Is Trump actually a racist? And am I suggesting that he’s a closet racist?
Sure. Why not. All we need to make that call is to remember one example of many.
Back in May of 1989, when he lived in New York City, Donald Trump took out a full-page ad in all four of the cities major newspapers, calling for the return of the death penalty after five minority teenagers, none of whom he knew from Adam, were accused of raping and badly beating a female jogger in Central Park:
"Mayor Koch has stated that hate and rancor should be removed from our hearts. I do not think so. I want to hate these muggers and murderers. They should be forced to suffer ... Yes, Mayor Koch, I want to hate these murderers and I always will. ... How can our great society tolerate the continued brutalization of its citizens by crazed misfits? Criminals must be told that their CIVIL LIBERTIES END WHEN AN ATTACK ON OUR SAFETY BEGINS!"

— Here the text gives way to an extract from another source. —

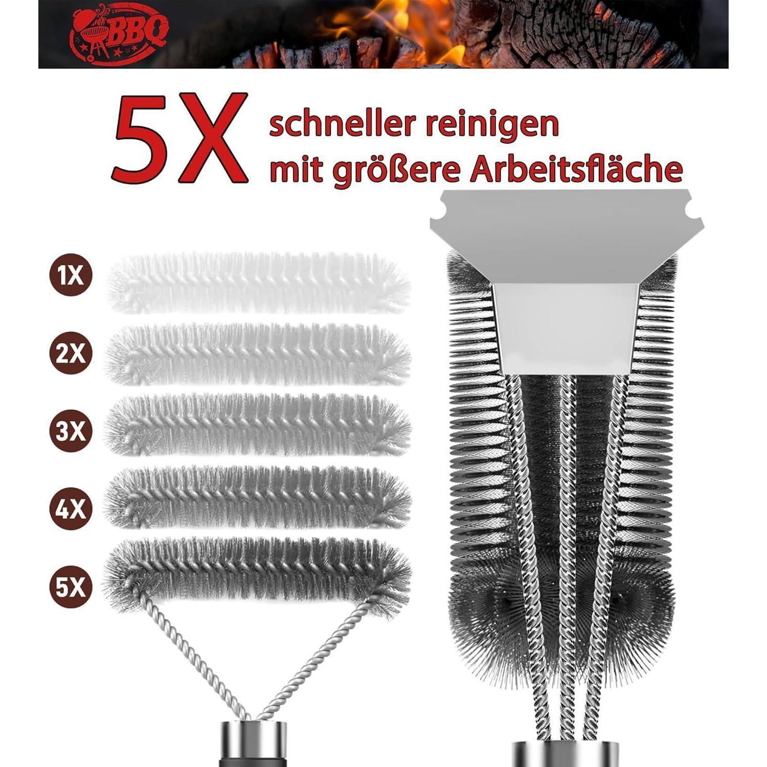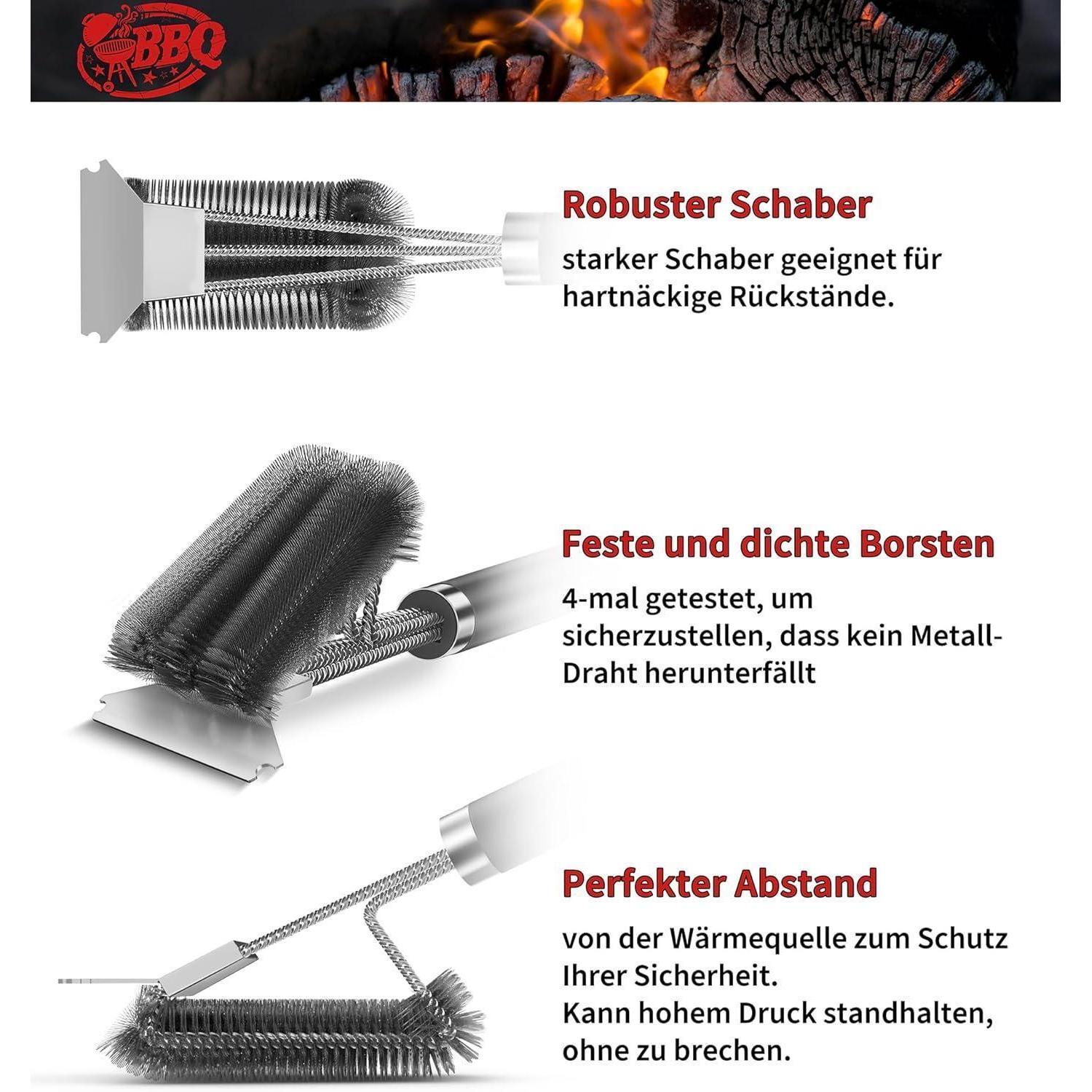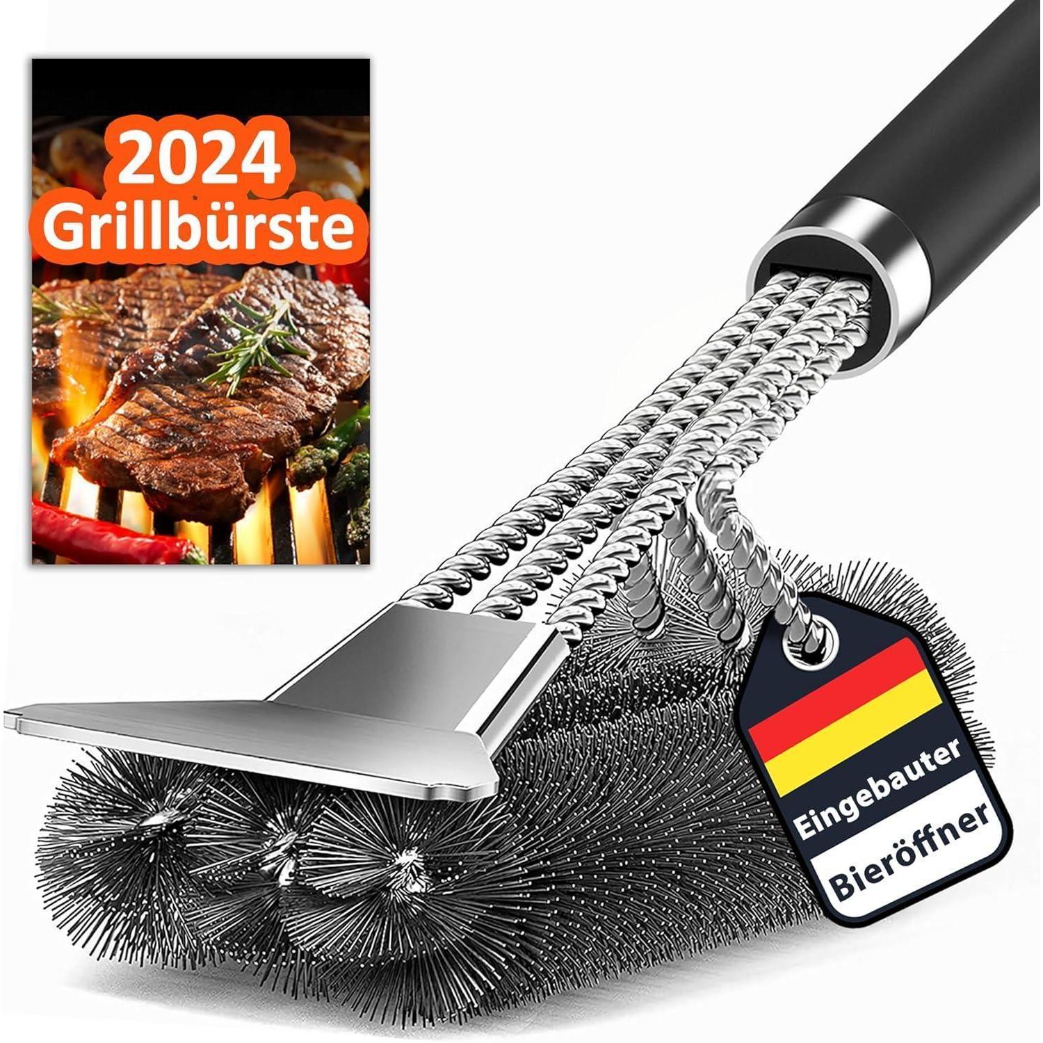 Hochwertige 3 in 1 Grillbürste mit Bieröffner und Spatel

Maybe partly because of Trump’s ad, the five African Americans and Latinos were found guilty and served several years in jail, but twenty years later, were all exonerated by DNA evidence after another man confessed. They then sued the city, and settled for millions.
Was Trump ready to apologize? Nope. In fact, he doubled down, calling the settlement "a disgrace." "Speak to the detectives on the case and try listening to the facts”, he wrote. "These young men do not exactly have the pasts of angels.”
Has he ever apologized in the years since? No. If you add up all the cases like that one showing his attitude about minorities, you’re justified in concluding that Trump is indeed a racist, and whatever he says, with or without TelePrompter, doesn’t really matter. What matters is what he believes and what he is while in office, which is a racist, and if he’s trying to convince America he’s otherwise, he’s not doing a very good job.
And as for the trade war, I find it hard not to side with China.
Yes, they’ve been getting away with their shit for years, but I hate to reward our leadership for thinking that being an asshole is a way for our country to deal with it.
It just goes to show you, and it never occurs to you until it happens, that when you live under a tyrant, it's hard to know who your friends are.